Embedded systems developers have embraced SoC design because it allows high-volume offerings such as cellphones, PDAs, and GPSs to replace expensive boards with a single chip. Although SoC designs are common in the embedded world, to date they have focused primarily on simple designs. That simplicity is no longer sufficient for the sophistication desired by many of the high-end products in development. In the near future both high-end PDA devices and sophisticated cameras will extend their functionality by offering chips that include multiple processors and high-speed I/O systems.

The very real possibilities of a sophisticated system on a single chip are useful only if you can manage the resulting system complexity and produce a working system in a reasonable amount of time. A 20-million logic gate design started from scratch could easily take 200 engineers three to five years to architect, design, verify, and build. The common wisdom is that a product design cycle needs to be approximately one year to be competitive in the marketplace.

The value of SoC design is the promise to build on other people’s work. To be successful, a design team needs to acquire a large portion of the design and software, and then add a relatively small proprietary portion that uniquely defines a product. Figure 1 includes a common architecture for a communication chip. The figure illustrates a design with multiple processors, a control interface to a host computer, a memory interface, a high-speed data interface, and other logic.

A good candidate for a SoC would be a product that includes a proprietary processor, but uses standard I/O interfaces. Another candidate might use standard processors, but add a proprietary logic block, which either adds unique functionality or speeds up the overall processing effort. These blocks of logic, including the processor, the I/O interfaces, and the memory interface are often called IP cores, because each includes intellectual property (IP). This article explores many design and system challenges faced by a designer today, including decisions about chip architecture and how to program these complex systems.


Design flow and methodology is broadly defined as the tools and methods used by a design team to build their design. A simplified flow is shown in Figure 2. Although design flows vary, it is critical for a single design that the flow is crisply defined and well supported. An understanding of these methods is important to understanding overall SoC design.

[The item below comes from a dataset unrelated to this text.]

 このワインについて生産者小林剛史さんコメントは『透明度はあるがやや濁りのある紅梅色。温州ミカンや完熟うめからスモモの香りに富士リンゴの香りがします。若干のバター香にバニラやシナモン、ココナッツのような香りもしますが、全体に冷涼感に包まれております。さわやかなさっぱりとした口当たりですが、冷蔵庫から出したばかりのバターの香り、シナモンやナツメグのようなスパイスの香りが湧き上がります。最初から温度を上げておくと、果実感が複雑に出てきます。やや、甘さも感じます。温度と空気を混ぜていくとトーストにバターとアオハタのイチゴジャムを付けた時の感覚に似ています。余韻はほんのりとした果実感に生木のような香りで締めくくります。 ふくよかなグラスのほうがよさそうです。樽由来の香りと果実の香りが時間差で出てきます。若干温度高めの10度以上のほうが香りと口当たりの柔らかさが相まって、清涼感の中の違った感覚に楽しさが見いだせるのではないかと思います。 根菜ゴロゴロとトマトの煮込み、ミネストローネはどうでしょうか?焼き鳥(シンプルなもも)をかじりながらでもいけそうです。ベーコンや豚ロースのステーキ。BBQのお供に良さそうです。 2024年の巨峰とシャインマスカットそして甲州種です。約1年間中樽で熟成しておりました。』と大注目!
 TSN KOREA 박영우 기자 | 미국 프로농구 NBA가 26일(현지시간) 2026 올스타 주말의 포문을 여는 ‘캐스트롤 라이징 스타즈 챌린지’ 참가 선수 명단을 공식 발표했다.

The method of specification for a design today is almost always a Register Transfer Language (RTL), typically either Verilog or VHDL. These languages are similar to programming languages, but more restrictive. Synthesis programs read RTL and translate them directly to circuits that are implemented on the silicon. Synthesis programs have evolved to the point that designers trust the results. Simulation programs read RTL and let designers exercise functionality and prove or disprove the design correctness. This simulation flow is key to the design verification methodology.

Design tools exist to enhance every aspect of the SoC design process, including formal verification between a high-level specification and the final circuit level, timing verification, tools that evaluate the physical correctness of the design, and sophisticated software tool suites that allow test specification development to proceed quickly. New tool offerings allow designers to express expected states and values as assertions that are inserted as monitors into a simulation specification.

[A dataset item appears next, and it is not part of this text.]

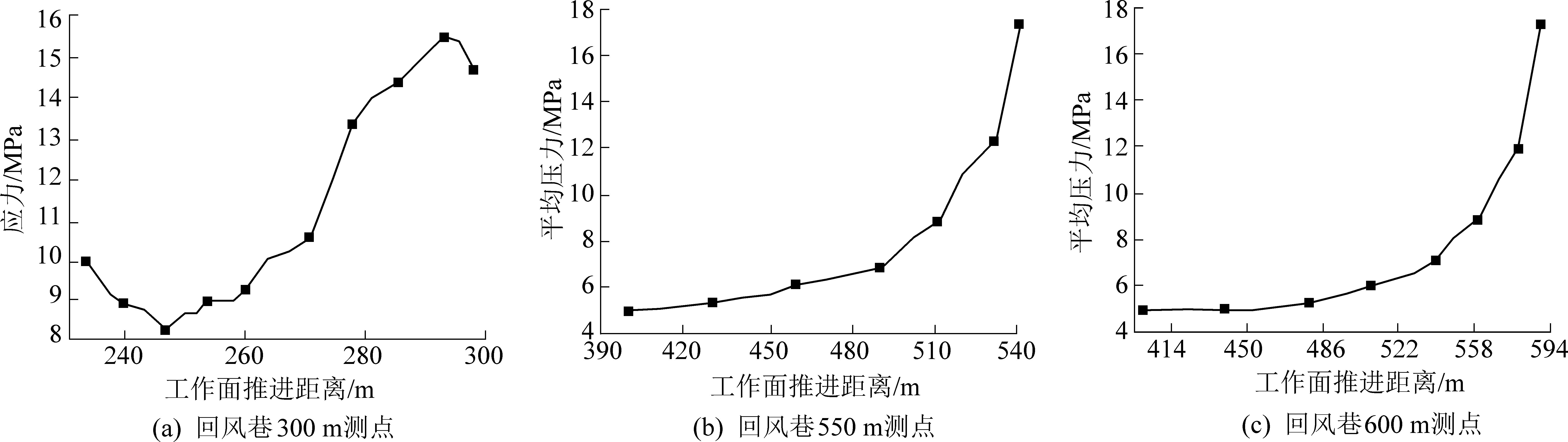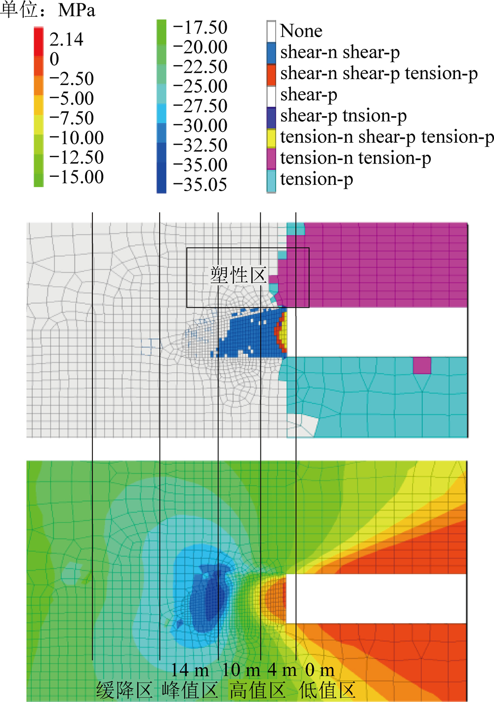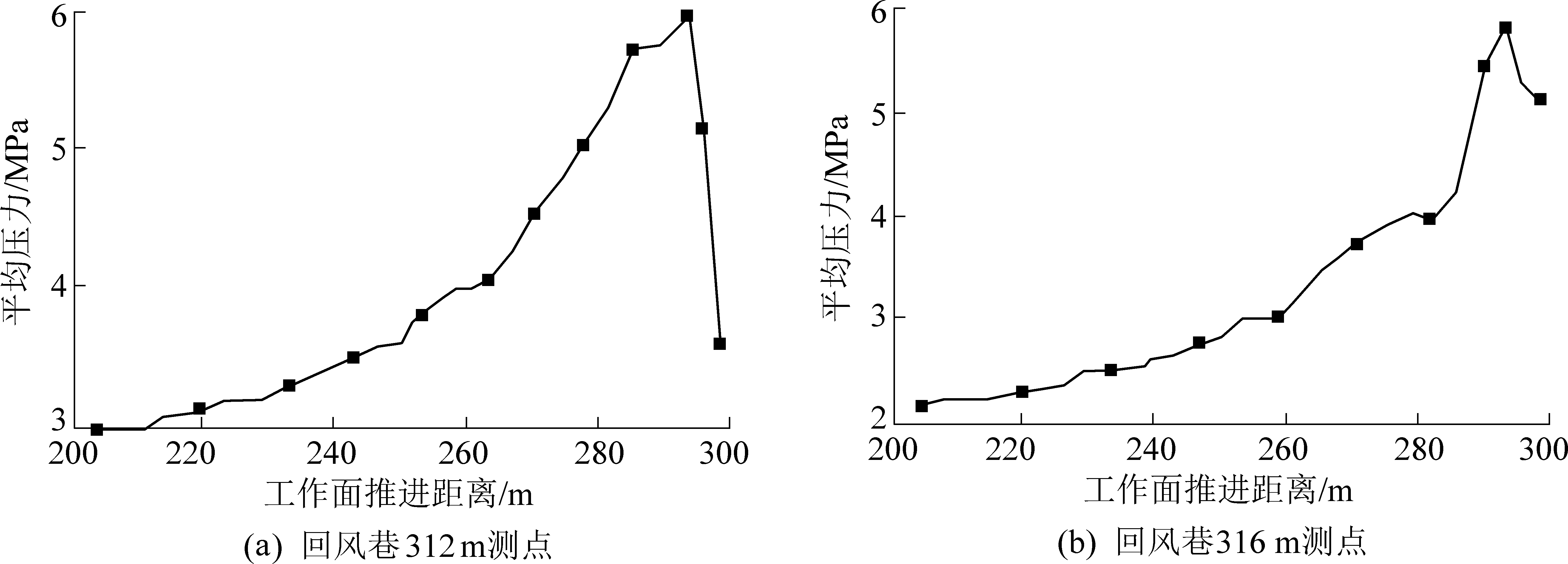 回采期间工作面超前0~4 m为塑性区、低应力区;4~10 m为塑性区、高应力区;10~14 m为应力峰值区;其后14~45 m为应力高值区、缓降区。

Many of the IP cores available today are provided either by commercial vendors or by an IP group within a large organization. Most IP cores are specified in a Register Transfer Language and can come as either hard or soft. Soft IP indicates that the core is not mapped onto silicon; thus, not all of its physical or timing characteristics can be guaranteed.

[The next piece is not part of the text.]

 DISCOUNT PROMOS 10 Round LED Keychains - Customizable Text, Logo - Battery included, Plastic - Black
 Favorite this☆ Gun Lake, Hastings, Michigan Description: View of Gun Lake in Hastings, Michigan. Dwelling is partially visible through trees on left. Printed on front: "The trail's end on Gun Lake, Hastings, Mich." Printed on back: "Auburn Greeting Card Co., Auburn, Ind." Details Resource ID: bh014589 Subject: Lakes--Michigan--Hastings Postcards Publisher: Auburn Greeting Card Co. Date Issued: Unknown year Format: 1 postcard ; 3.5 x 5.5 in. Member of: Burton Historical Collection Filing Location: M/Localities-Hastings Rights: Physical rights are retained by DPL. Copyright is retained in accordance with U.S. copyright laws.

A common definition of an IP core is a design function with well-defined interfaces. Many IP cores start as a design block for a specific chip that handles a well-defined piece of the functionality, and then evolves to a standard piece of functionality, of use in multiple chips.

Some examples of IP cores include I/O systems such as Infiniband, PCI-X, Ethernet, and commodity interfaces such as memory controllers. The difference between a block on a single design and an IP core is that the signal protocol and the clock definition can be significantly different between chips. An IP core needs to be flexible enough to handle variance.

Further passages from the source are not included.